CR2
CR2 (Complement C3d Receptor 2) is a Protein Coding gene. Diseases associated with CR2 include Immunodeficiency, Common Variable, 7 and Systemic Lupus Erythematosus 9. Among its related pathways are Complement and coagulation cascades and 4-1BB Pathway. Gene Ontology (GO) annotations related to this gene include protein homodimerization activity and transmembrane signaling receptor activity.
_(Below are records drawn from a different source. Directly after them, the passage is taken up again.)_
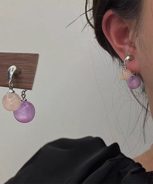 Colorblock Crystal Alloy Tassel Ball Unique Copper Drop Earrings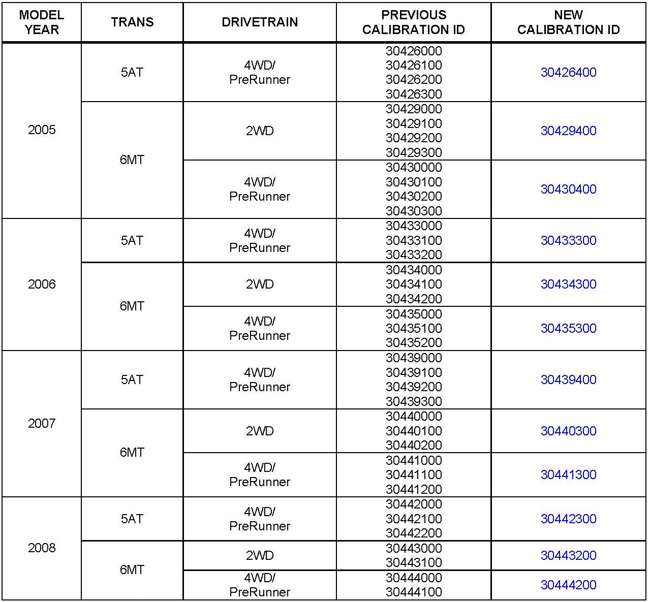 ^ Calibration ID(s) [Refer to the Calibration Information chart for the NEW CALIBRATION ID]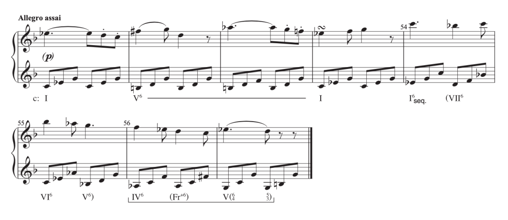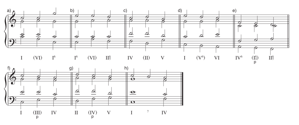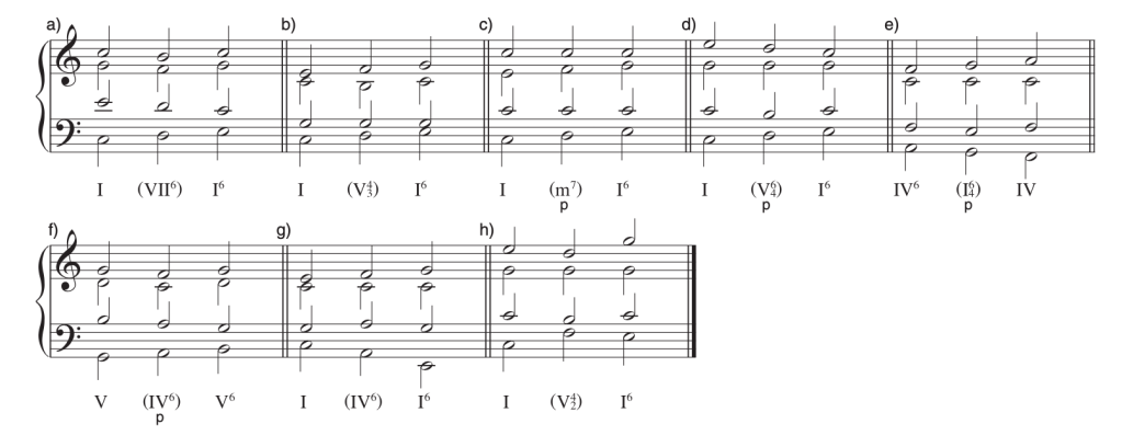 Los cuatro compases iniciales prolongan la armonía de tónica en posición fundamental mediante una dominante subordinada en primera inversión (V6), que funciona como acorde vecino. Los compases siguientes presentan una progresión secuencial descendente por grados conjuntos, seguida de una progresión semicadencial incompleta, iniciada por el predominante IV6 (embellecido a su vez por la sexta aumentada italiana).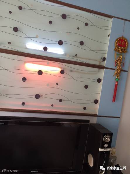 这个电视背景墙如果勉强还算是比较艺术的线条的话,那这个不一的灯光是什么鬼?那两串小金鱼又是什么鬼?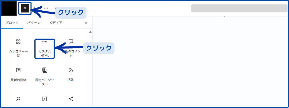 記事投稿画面の左上にある「+マーク」をクリックすると、ブロックの一覧が表示されるので、その中にある「カスタムHTML」をクリックします。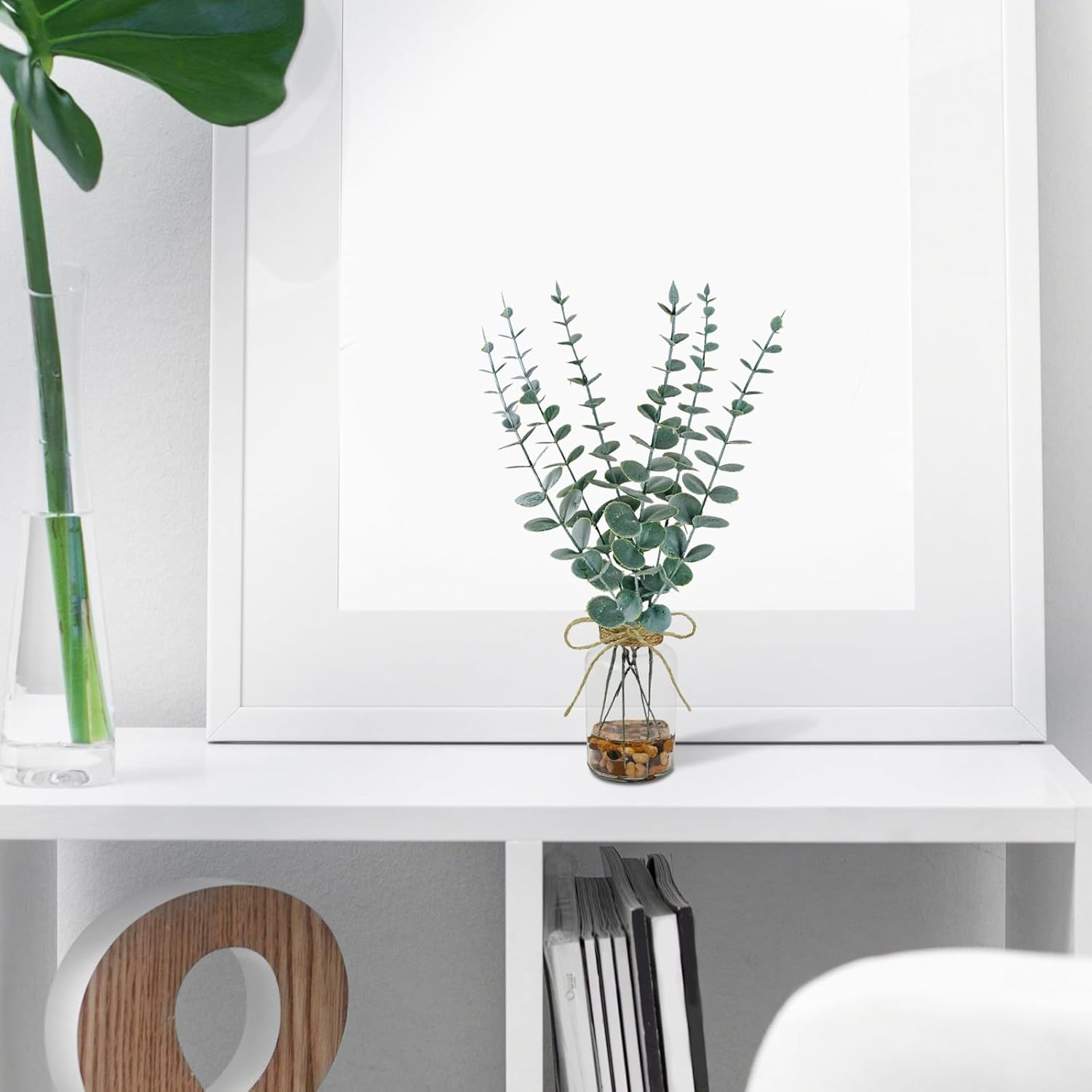 Premium Supplies: Our fake eucalyptus branches are crafted from high-quality plastic, providing a lifelike texture. The accompanying vase, manufactured from sturdy glass, boasts a wonderful and beautiful design

An important paralog of this gene is CR1.
Full Name
Complement C3d Receptor 2
Alternative Names
Complement C3d Receptor 2; Complement Component (3d/Epstein Barr Virus) Receptor 2; Complement Component 3d Receptor 2; Epstein-Barr Virus Receptor; EBV Receptor; C3DR; Complement Receptor Type 2; Complement C3d Receptor;
Function
Receptor for complement C3, for the Epstein-Barr virus on human B-cells and T-cells and for HNRNPU (PubMed:7753047).
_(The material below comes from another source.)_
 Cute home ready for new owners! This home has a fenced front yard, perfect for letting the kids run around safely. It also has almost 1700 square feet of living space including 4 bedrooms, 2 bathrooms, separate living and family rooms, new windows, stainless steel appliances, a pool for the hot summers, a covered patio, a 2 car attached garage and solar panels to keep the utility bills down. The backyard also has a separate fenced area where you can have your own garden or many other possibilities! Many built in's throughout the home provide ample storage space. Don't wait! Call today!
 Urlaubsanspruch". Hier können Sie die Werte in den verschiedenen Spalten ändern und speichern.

Participates in B lymphocytes activation (PubMed:7753047).
(Microbial infection) Acts as a receptor for Epstein-Barr virus.
Biological Process
B cell differentiation Source: UniProtKB
B cell proliferation Source: UniProtKB
Complement activation, alternative pathway Source: ARUK-UCL
Complement activation, classical pathway Source: UniProtKB-KW
Immune response Source: UniProtKB
Regulation of complement activation Source: Reactome
Cellular Location
Cell membrane
Involvement in disease
Systemic lupus erythematosus 9 (SLEB9):
A chronic, relapsing, inflammatory, and often febrile multisystemic disorder of connective tissue, characterized principally by involvement of the skin, joints, kidneys and serosal membranes. It is of unknown etiology, but is thought to represent a failure of the regulatory mechanisms of the autoimmune system. The disease is marked by a wide range of system dysfunctions, an elevated erythrocyte sedimentation rate, and the formation of LE cells in the blood or bone marrow.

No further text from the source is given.